= Titus Awakes =

Unfinished novel in Mervyn Peake's Gormenghast series

Titus Awakes is an early working title applied to a novel planned by Mervyn Peake about 1960, before he became too ill to write. It was to have been the fourth novel in the Gormenghast series, after Titus Groan, Gormenghast, and Titus Alone.

Peake's own version of Titus Awakes is unfinished, as the author died in 1968 without doing any more than starting it. But his widow, Maeve Gilmore, attempted to complete it, and produced two different versions of her interpretation. A reduced version was seen by a reviewer in the 1970s, and what is believed to be her earlier manuscript and notes were edited and published in 2010. So the fourth book exists in three different forms: a few pages of preliminary fragments published in 1992, a never-published manuscript by Gilmore from the 1970s, and an apparently earlier version of Gilmore's book found by her family, edited and published in 2010.

==Versions==
In the 1970s Peake's widow, Maeve Gilmore, wrote a modified version of Titus Awakes to which she gave the title Search Without End. It runs to 65,000 words, in the typescript that she asked G.P. Winnington to comment on. Watney edited Peake's early fragments as an appendix to Titus Alone.

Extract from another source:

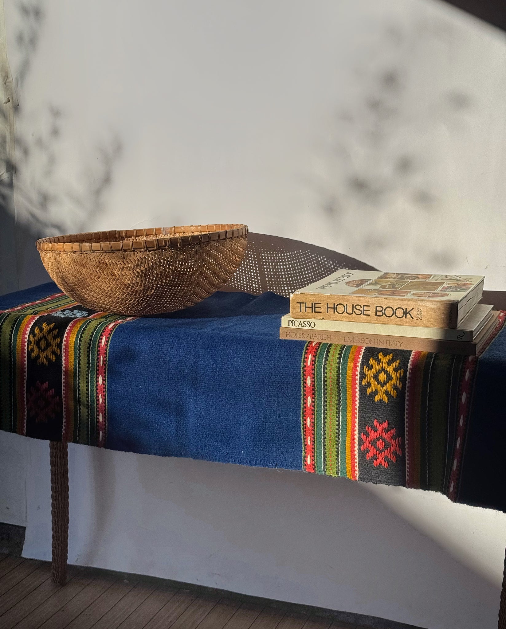 Vintage handwoven vintage wool Guatemalan textile. Works perfectly as a table runner, wall art, or textile on the floor. In excellent condition. Measures 49"L x 21"W

In 1992 Overlook Press, the American publishers of the Gormenghast series, printed at the end of Titus Alone the few coherent portions of Mervyn Peake's Titus Awakes, with a brief introduction by John Watney. They consist of three pages from which it is clear that although Titus has left the castle, Gormenghast remains active in his memory and important in the story. Although Peake wrote further passages, editors were unable to decipher them.

==Critical reception==
This unfinished work is not well-known even among readers of Peake's other works, having been published only by Overlook Press (albeit in both single volume and omnibus editions).

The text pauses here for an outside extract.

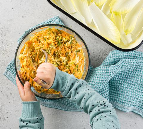 Tagliare i cipollotti ad anelli sottili. Grattugiare grossolanamente le carote con la grattugia per rösti. In un pentolino scaldare l'olio. Unire i cipollotti e farli appassire per ca. 5 minuti. Aggiungere le carote e le striscioline di cicoria belga messe da parte, quindi lasciar insaporire brevemente. Unire l'acqua e portare a bollore. In una ciotola mettere il couscous, il curry e il sale, quindi mescolare. Unire il liquido di cottura delle carote, coprire e lasciar gonfiare per circa 5 minuti. Sgranare il couscous con una forchetta.

Alice Mills comments on the irony of the narrator's comment that "Titus would never again see Gormenghast Castle", since "even in the first proposed chapter, Titus returns in a dream to Gormenghast and the fight between Swelter and Flay". Although it is not entirely clear that the textual repetition is an error, the repetition in the pre-adventure led reviewer Chris Sandow to comment "[t]he fragments are clearly no more than early drafts".

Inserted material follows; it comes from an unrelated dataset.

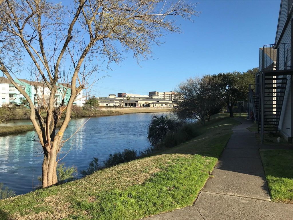 Welcome to this beautifully updated two-bedroom, one-bath condo featuring like-new engineered laminate flooring throughout. The fully remodeled bathroom offers a sleek standing shower, double vanity sinks, and modern mirrors for a contemporary touch. Recent upgrades provide peace of mind, including a new A/C and heating system (2022), a water heater replaced in 2020, and a stacked washer and dryer installed in 2018. Parking lot:#160. Enjoy resort-style outdoor amenities with access to a community pool and a private natural lake within the complex—perfect for kayaking and fishing. Ideally located within walking distance to the Galveston public beach along Seawall Blvd, and just minutes from shopping, dining, piers, UTMB, and local hospitals, this condo offers both comfort and convenience.

G. Peter Winnington ventures the opinion that Gilmore's manuscript Search Without End that he had been given earlier had been redacted from its original to remove dependence on back-references to the Gormenghast trilogy.

==Continued manuscript==
Early in 2010 Sebastian Peake announced that his daughter had found Maeve Gilmore's notebook manuscripts of Titus Awakes in the family's attic. Winnington notes that Gilmore's Search Without End version had removed most references to the earlier Gormenghast books, but that they remained in the 2010 Titus Awakes version. It follows Titus's journeys in the wider world and his arrival at the island of Sark, where the Peake family lived from 1946–1949. Finally, after the three Peake children meet the newly-arrived Titus, he metamorphoses into Mervyn Peake. In June 2011, Gilmore's earlier version of book was published by Overlook Press as Titus Awakes: The lost book of Gormenghast, on the 100th anniversary of Mervyn Peake's birth.